Stata The Stata listserver
[Date Prev][Date Next][Thread Prev][Thread Next][Date index][Thread index]

st: RE: accuracy and preserving uniqueness of id


From   "Nick Cox" <n.j.cox@durham.ac.uk>
To   <statalist@hsphsun2.harvard.edu>
Subject   st: RE: accuracy and preserving uniqueness of id
Date   Wed, 26 Feb 2003 09:41:46 -0000

Radu Ban wrote
>
> i'm using -infix- to read in a large dataset into stata.
> each line of the
> dataset begins with an 18 character, numeric, company identification
> block. each company occupies several lines, that all start
> with the same
> identification code. to make things clearer here's my sample code:
>
> infix id 1-18 reccat 19-20 var1 21-25 var2 26-30 ... if reccat=11
> infix id 1-18 reccat 19-20 var3 21-23 var4 24-27 ... if reccat=12
>
> after i ran this i took a look at my resulting dataset and
> to my surprise,
> the id displayed by Stata looked very different from the id
> i originally
> had in my flat text file.
>
> for example:
>
> in text, id = 200101380110999991
> in stata, id= 200101375269404672
>
> or
>
> in text, id = 200101380206999991(different from above)
> in stata, id= 200101375269404672(same as above)
>
> what's bothering me is that ids that are different in text
> become the same
> in stata. is there a way to preserve the accuracy and hence
> uniqueness of the ids in this situation?

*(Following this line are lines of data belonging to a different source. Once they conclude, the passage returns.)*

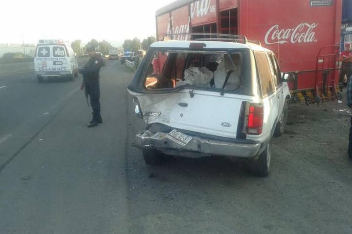 Una carambola entre tres vehículos, uno de ellos un camión de la empresa refresquera Coca Cola, el cual estaba estacionado, dejó como resultado dos lesionados, según el reporte de la Policía y de los cuerpos de auxilio.
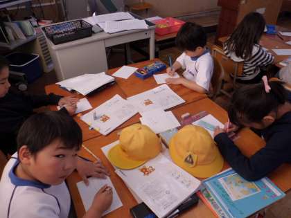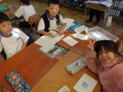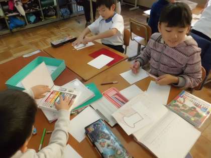ものの名まえについて学習の中で,お店やさんごっこの準備をしています。
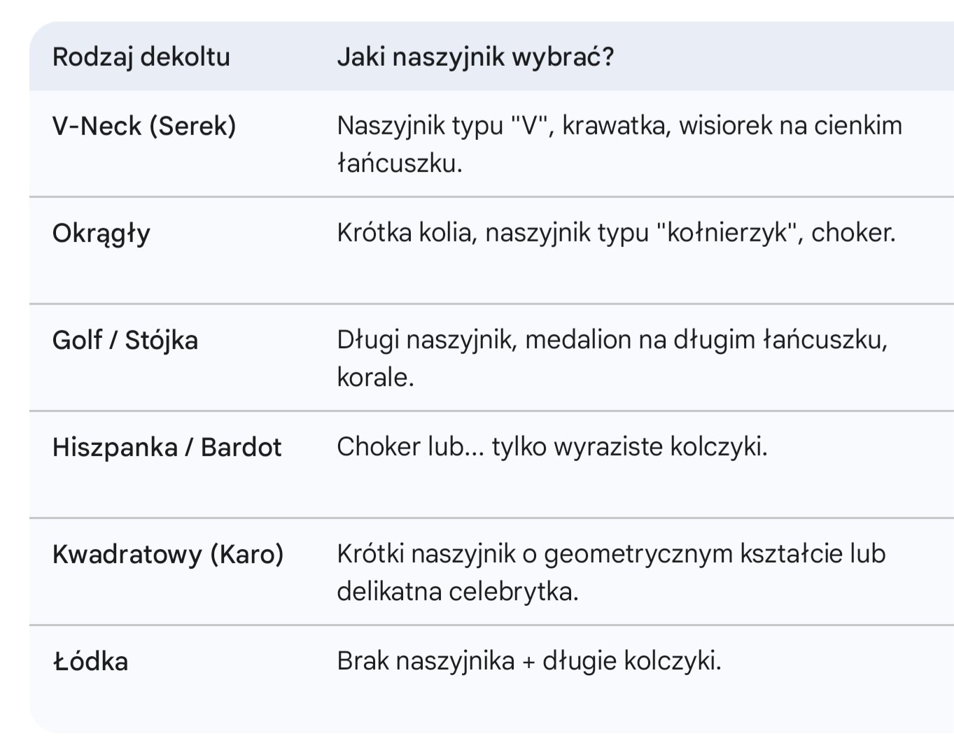 Ściągawka - Jak dobrać naszyjnik?
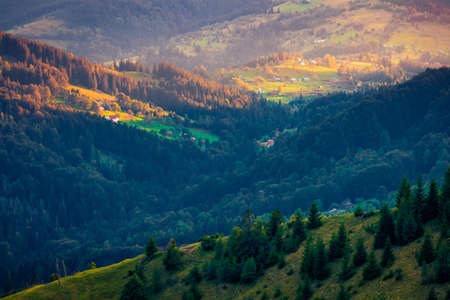 Picturesque evening landscape illuminated by the sunset. Location place of Carpathian mountains, Ukraine, Europe. Image of exotic summer scene. Artistic wallpaper. Discover the beauty of earth.
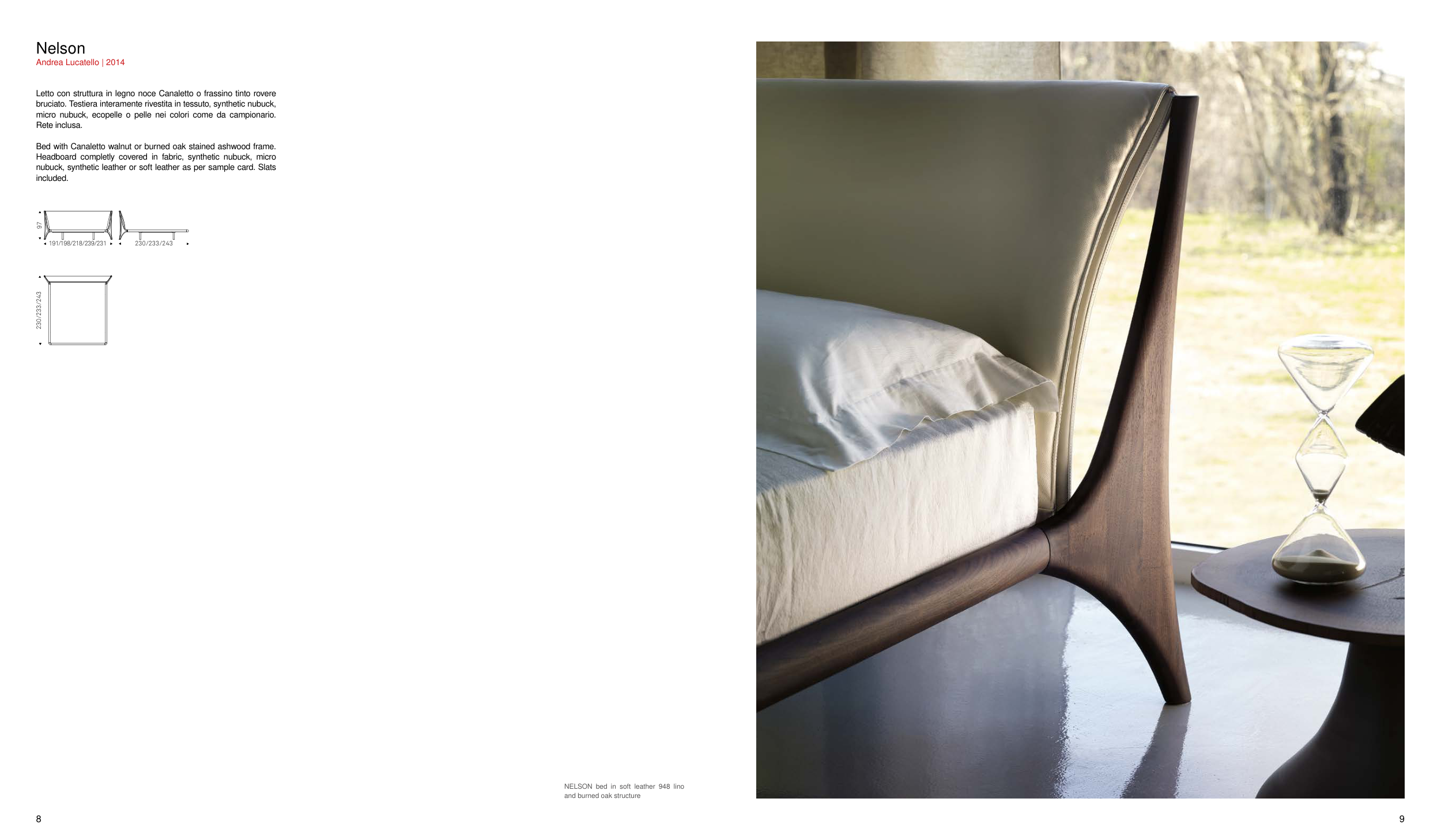 NELSON bed in soft leather 948 lino
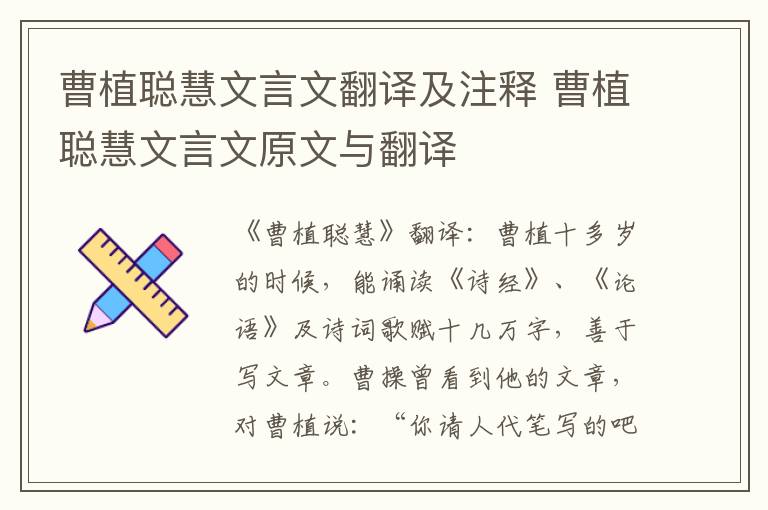 《曹植聪慧》翻译:曹植十多岁的时候,能诵读《诗经》、《论语》及诗词歌赋十几万字,善于写文章。曹操曾看到他的文章,对曹植说:“你请人代笔写的吧?”曹植跪拜回答说:“话说出来是言论,落笔写下来成文章了,您只要当面考我,我怎么会请人代笔写呢?”注释:赋:古代的一种文体。
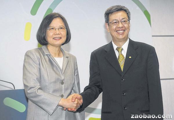 台湾在野党民进党总统参选人蔡英文(左)昨日党总部正式介绍其副手陈建仁(右)。(路透社)
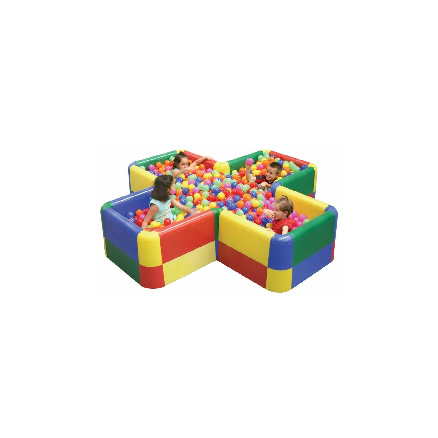 Piscina en forma de cruz altura 52 cm. 130 cm x 130 cm. Para 1200 pelotas.
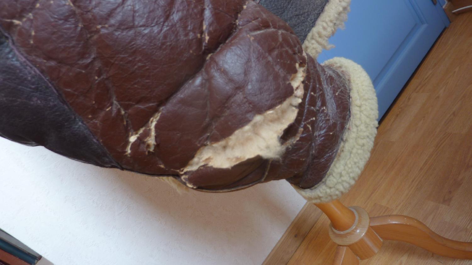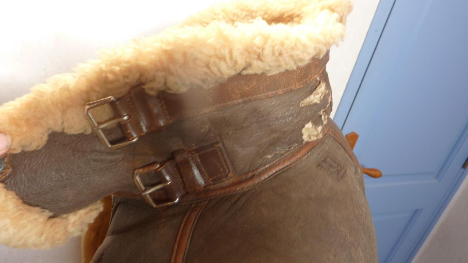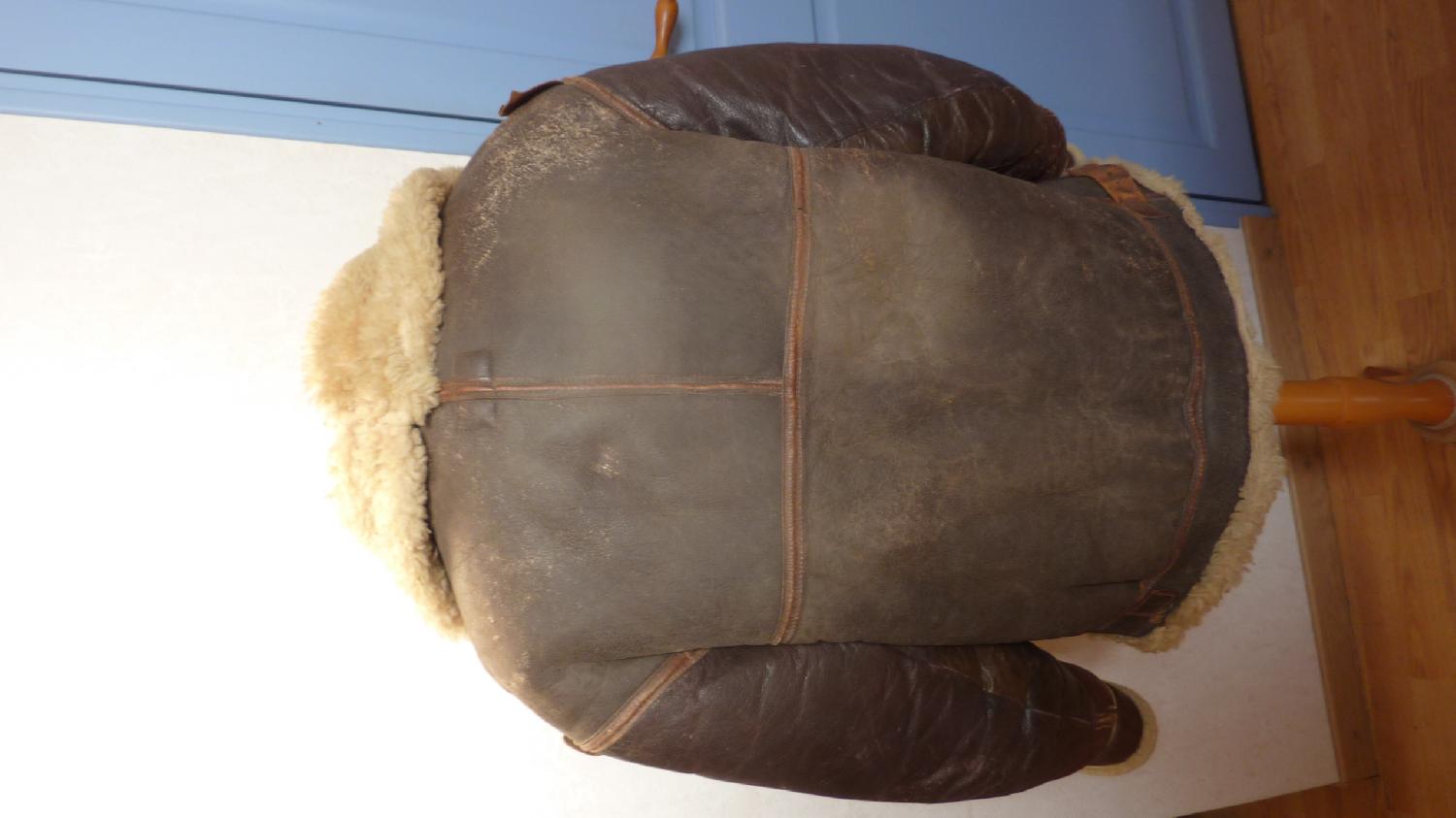 Blouson bombardier B-3 Army Air force 39-45 en deux couleurs. Cuir bien souple, jamais graissé ni ciré taille 40. Quelques petits accrocs sans gravité. Fermeture éclair fonctionnelle. Une petite sangle de serrage raccourcie sur le côté. Autres photos sur simple demande. 600 euros plus port 8,25 euros en mondial relay. Paiement par chèque ou par paypal. Possibilité de venir chercher sur place

and Devra Golbe, Phil Ryan and Erik Sorensen all firmly
advised the use of a string variable for this purpose.

I concur.

Here are some extracts from a paper "On numbers
and strings" in Stata Journal 2(3):314--329 (2002).

... unique identifiers will often conveniently be held in
string variables.  There is little point in defining a
value label if that value label occurs once only. It is
also less likely that you would want to use such a
variable as defining one axis of a graph.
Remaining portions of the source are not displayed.